Once all members agree on the membership, state exchange will be initiated during which the new node will be informed of the cluster state. If its state is different from that of the cluster (which is normally the case) it will request snapshot of the state from the cluster 5) and install it before becoming ready for use.
State Snapshot Transfer
There are two conceptually different ways to transfer a state from one MySQL server to another:
- Using mysqldump. This requires the receiving server to be fully initialized and ready to accept connections before the transfer. This method is by definition blocking, in that it blocks donor server from modifying its own state for the duration of transfer. It is also the slowest of all, and in the loaded cluster that might be an issue in a loaded cluster. This method is supported in MySQL/Galera since 0.7 release.

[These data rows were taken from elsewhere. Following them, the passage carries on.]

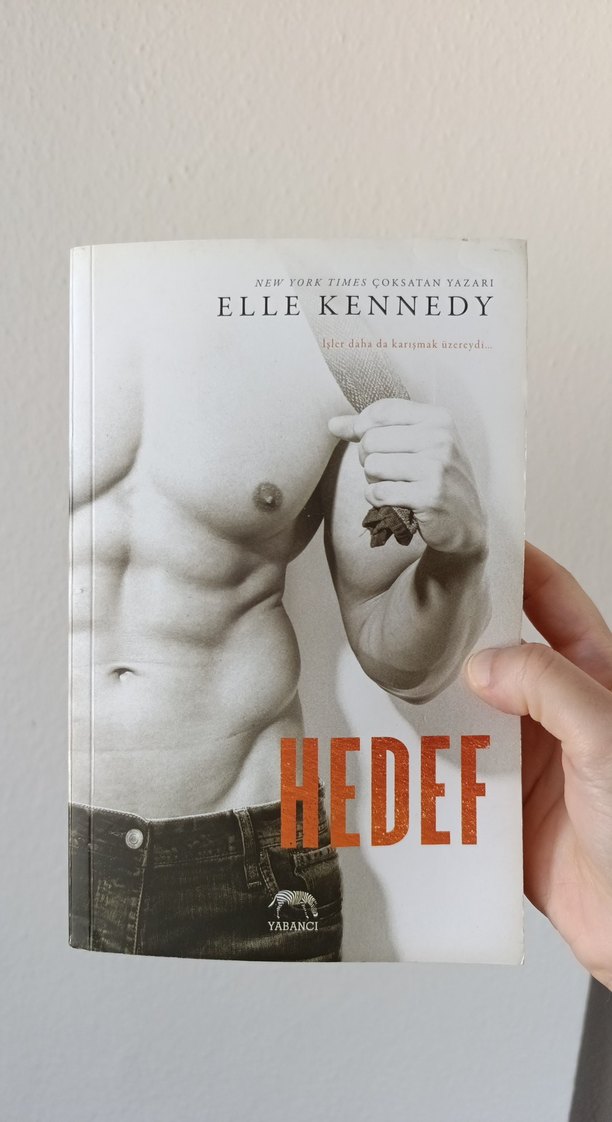 Yabancı yayınlarından New York Times çok satan yazarı Elle Kennedy'nin "Hedef" adlı romanı. Kapakta güçlü bir erkek figürü yer alıyor.
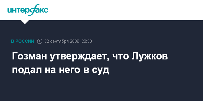 "Интерфакс" пока не располагает информацией со стороны московской мэрии о факте подачи иска, о котором сообщил Гозман.
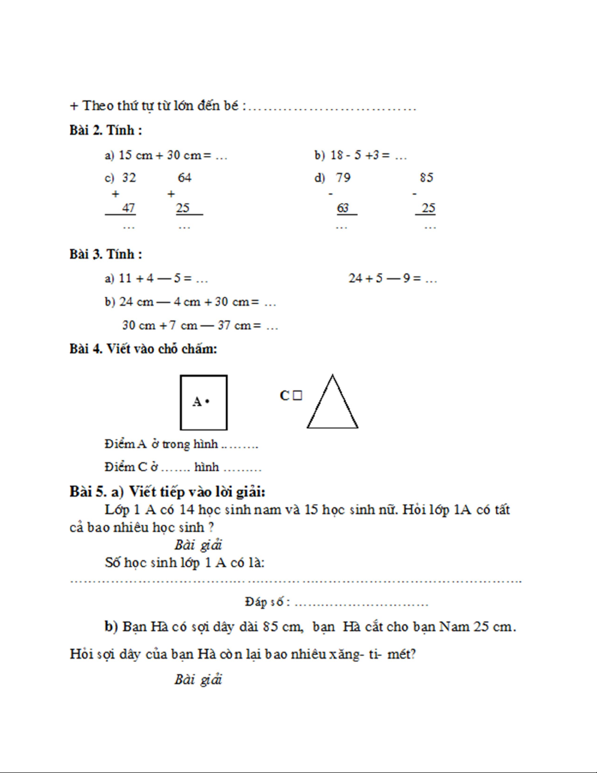 Đề thi cuối kì 2 lớp 1
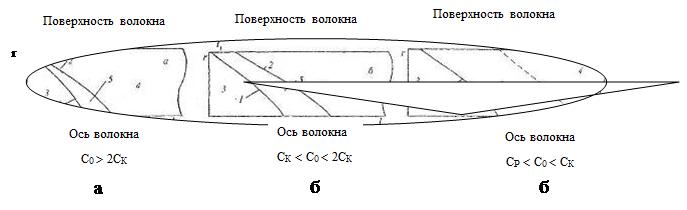 Области протекания коагуляции по тому или другому механизму иллюстрируются на рис.14, где схематично дается продольное сечение волокна, формующегося в осадительные ванны разной коагулирующей способности: жесткие, мягкие и сверхмягкие.
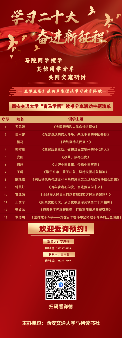 学思践悟二十大,踔厉奋发新征程。下一步,马列读书社将继续围绕党的二十大精神开展领学交流等形式多样的常态化理论学习活动,广泛宣传党的路线、方针、政策,发出时代之声、青年之声,引导广大青年树立远大理想,推动党的二十大精神走心、走深、走实,为筑牢青年思想阵地,实现中华民族伟大复兴贡献力量。
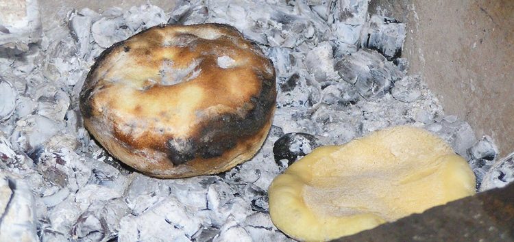 Folytassuk a gyúrást lisztezett felületen, míg sima, rugalmas tésztát nem kapunk. Letakarva meleg helyen legalább 4 órán keresztül kelesztjük, de hagyhatjuk egész éjszakára is. Ezután tépjünk belőle kb. ökölnyi darabokat, nyújtsuk vékonyra, tegyük egy forró hamurétegre, a maradék hamuval pedig takarjuk be.
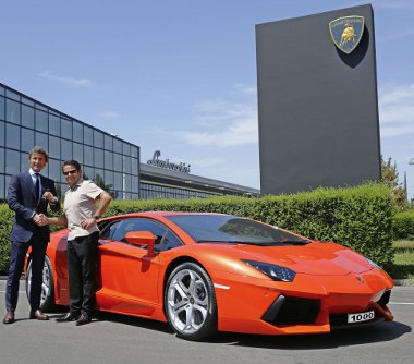 A Murciélagonak ugyanehhez, tehát az első ezer darab elkészültéhez 2 év öt hónapra volt szüksége. Kétszer annyi fogy tehát az Aventadorból, mint elődjéből, a gyártás beindulásakor napi 3 autót készítettek, ma már napi 4,5 autónál tartanak Sant”Agata Bolognese-ben Nincs arról szó, hogy jobban felpörgetnék a gyártást, hiszen akkor már az lehetne a probléma, hogy nem elég exkluzív autóban ülnek a kedves vásárlók. A jubileumi, Argos Orange színűre fényezett példány kulcsait a megrendelő, Hans Scheidecker német építész a gyárban, a Lamborghini vezetőjétől, Stephan Winkelmanntól vette át.
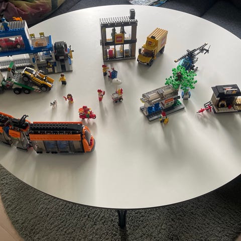 LEGO City byggesæt med forskellige dele og temaer, herunder minifigurer og byggeplader. Sættet indeholder flere manualer og forskellige LEGO-elementer i flere farver og former.
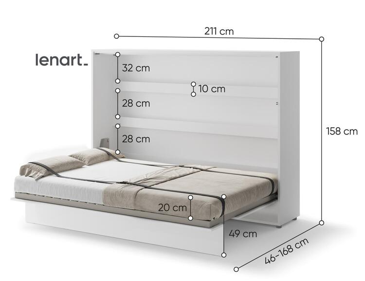 Široká výklopná postel 140 bílá mat. Rozměry viz obrázek. Se sklápěcí postelí Vás už nebude trápit malý prostor Vaší domácnosti. Díky stabilní konstrukci zaručuje pohodlný odpočinek. Pneumatický mechanismus sklápění postele zajistí bezpečné otevírání a je doplněn SOFT CLOSE systémem tichého zavírání. Tento výjimečný systém Vám umožní manipulaci pouze jedním prstem. Když je postel sklopená, vypadá jako běžná skříň. Vyklopením se vytáhne celá šířka postele. Při lozložení postele má hloubku 168 cm. Uvnitř skříně jsou praktické police na knížky nebo dekorační předměty, vše máte na dosah ruky. Maximální zatížení polic je 5 kg. Rám je nutno přišroubovat ke zdi, nosnost postele je 200 kg. Rošt postele je v ceně, matrace není součástí, je potřeba ji dokoupit. Doporučujeme velikost 140 × 200 x výšku do 18 cm. Po sklopení postele vzniká prostor pod postelí o výšce 24,9 cm. Nábytek je vyroben z kvalitního lamina s ABS hranou. Lamino je odolné proti poškrábání, poškození, vlhkosti a vysokým teplotám. Postel nabízíme v několika velikostech a barevných provedeních. K posteli je možné dokoupit LED osvětlení. Dodáváme v demontovaném stavu.Můžete si prohlédnout prezentační video, klikněte <a href=" CASA 73026
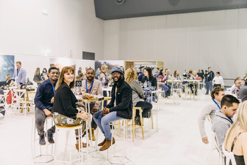 Happy #goodfoodies enjoying Cape Mentelle VIP. Our hive stools and concrete high bars doing their work!

- Copying data files directly. This requires that the receiving server is initialized after the transfer. rsync, xtrabackup and other methods fall into this category. These methods a much faster than mysqldump, but they have certain limitations, like they can be used only on server startup and receiving server must be configured very similarly to the donor (e.g. innodb_file_per_table should be the same and so on). Some of these methods, e.g. xtrabackup, can be potentially made non-blocking on donor. Such methods are supported starting with MySQL/Galera 0.8 series via scriptable interface.
MySQL/Galera currently comes with the following following SST scripts:
This is a default method. This script runs only on the sending side and pipes mysqldump output to mysql client connected to receiving server. Nothing special there.
rsync/rsync_wan (starting with 0.8)
This is probably the fastest way to transfer server state snapshot from one server to another. The script runs on both sending and receiving sides. On receiving side it starts rsync in server mode and waits for connection from sender. On the sender side it starts rsync in client mode and sends contents of the MySQL data directory to the joining node. This method is also blocking but is much faster than mysqldump. rsync_wan method is optimized for transfers over WAN by minimizing the amount of data transferred.
To use a particular state transfer method set (on a joining node) wsrep_sst_method variable to the name of the method, like:
State transfer failure
It is easy to see that a failure in state transfer generally renders receiving node unusable. Therefore, should the failure be detected, it will abort. Restarting node after mysqldump failure may require manual restoring of the administrative tables. rsync method does not have this issue since it does not need the server to be in operational state.
Minimal cluster size
It's already been stated above that, in order to avoid split-brain condition, the minimum recommended number of nodes in the cluster is 3. Blocking state transfer is yet another reason to require minimum 3 nodes in order to enjoy service availability in case one of the members fails and needs to be restarted. While two of the members will be engaged in state transfer, the remaining member(s) will be able to keep on serving client requests.
Configuration and Monitoring
While every effort is made to get MySQL/Galera node to work out of the box, still few parameters need to be set to get it working.
wsrep_provider— a path to Galera library.
wsrep_cluster_address— cluster connection URL.
When using Galera provider of version >= 2.0 innodb_doublewrite should always be set to 1 (default)
Optional settings (these are just optimizations made relatively safe by synchronous replication — you always recover from another node):
- Wsrep-related status variables in MySQL/Galera server can be queried with the standard
mysql> SHOW STATUS LIKE 'wsrep_%';
query. See this page for detailed variable description.
- Notification command can be defined to be invoked when cluster membership or node status changes. It can communicate the event to a some monitoring agent.